Dosing adjustment for toxicity:

Thrombocytopenia: Infants, Children, and Adolescents:

Platelet count: 50,000 to 100,000/mm³: Reduce daily dose by 50% until platelet count recovers to ≥100,000/mm³.

Platelet count ≤50,000/mm³: Hold dalteparin therapy until platelet count recovers to above 50,000/mm³.

Dosing: Obesity

Note: Specific dosing recommendations may not be available for all indications.

Non-ST elevation acute coronary syndromes: Use actual body weight to calculate dose; dose capping at 10,000 units recommended (Nutescu 2009).

Venous thromboembolism prophylaxis: In morbidly obese patients (BMI ≥40 kg/m²), increasing the prophylactic dose by 30% may be appropriate (Nutescu 2009).

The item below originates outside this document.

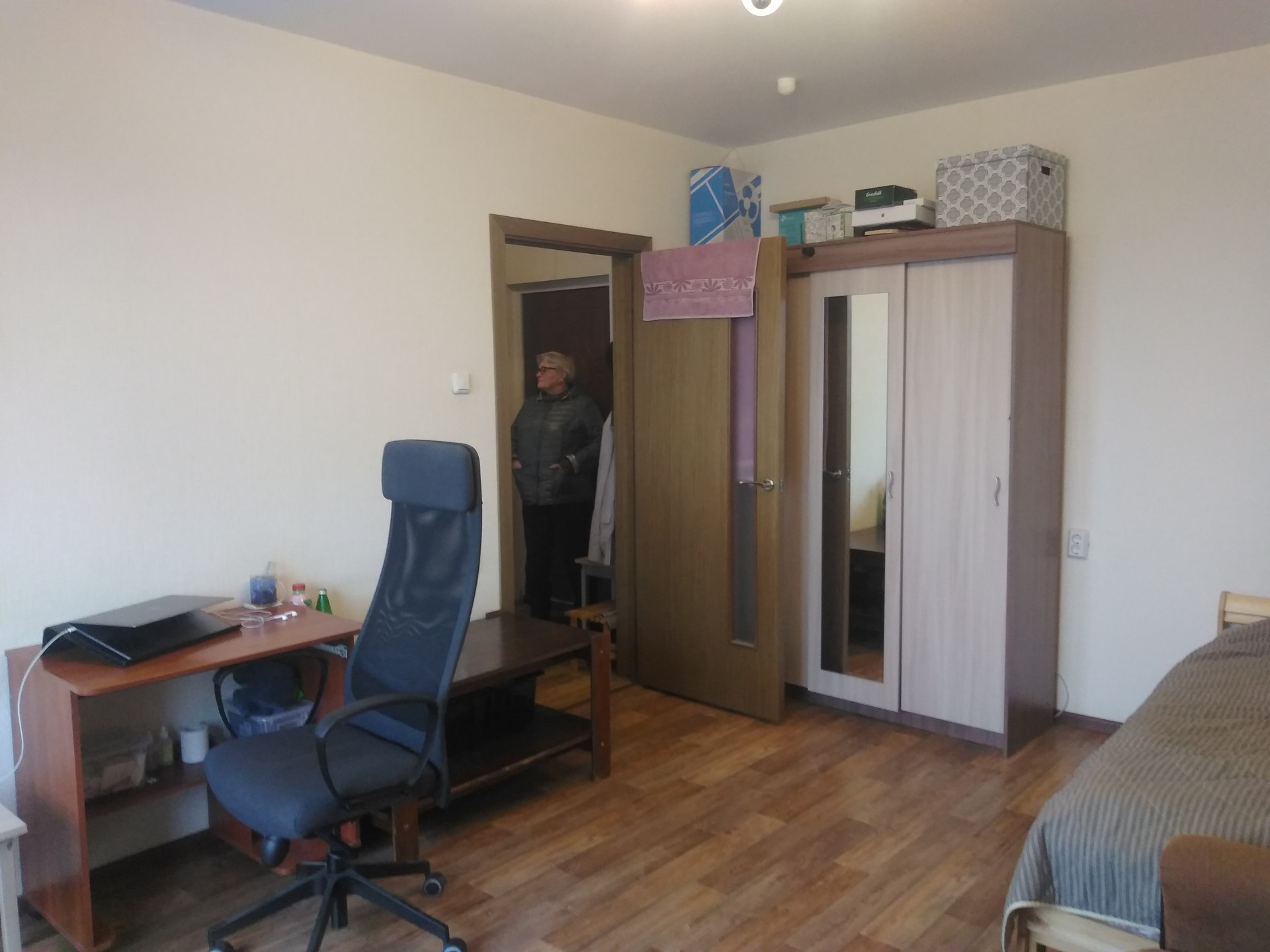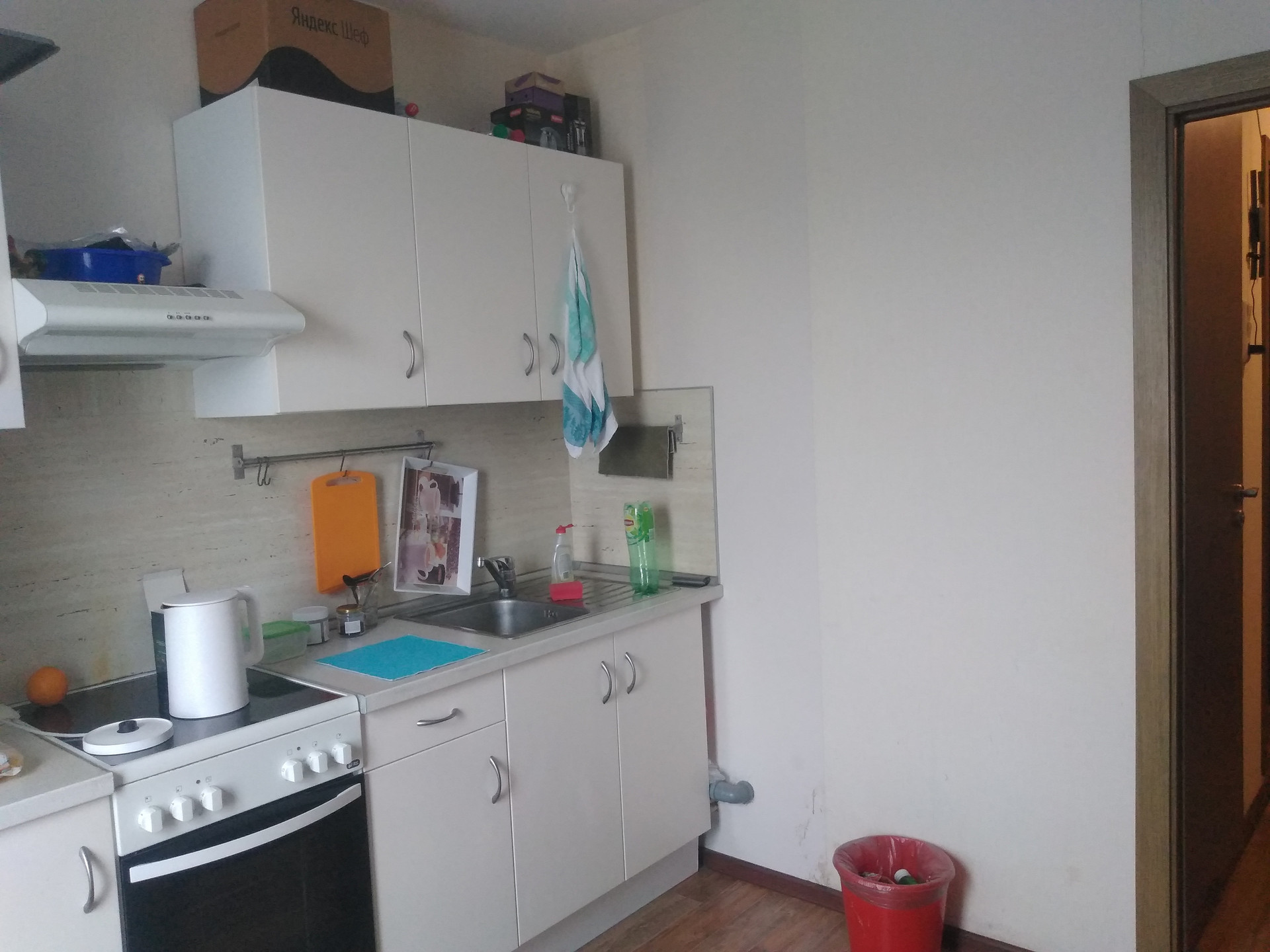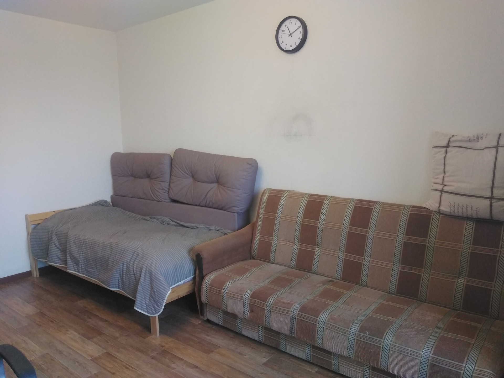 Кухня оборудована. В комнате необходимый минимум мебели.

Venous thromboembolism treatment:

Deep vein thrombosis and/or pulmonary embolism (off-label use): Use actual body weight to calculate dose. A fixed upper dose limit is not recommended, however, increased monitoring and dosage adjustment based on anti-Factor Xa levels may be considered (Nutescu 2009). One study demonstrated similar anti-Factor Xa levels after 3 days of therapy in obese patients (>40% above ideal body weight [IBW]; range: 82 to 190 kg) compared to those ≤20% above IBW or between 20% to 40% above IBW (Wilson 2001).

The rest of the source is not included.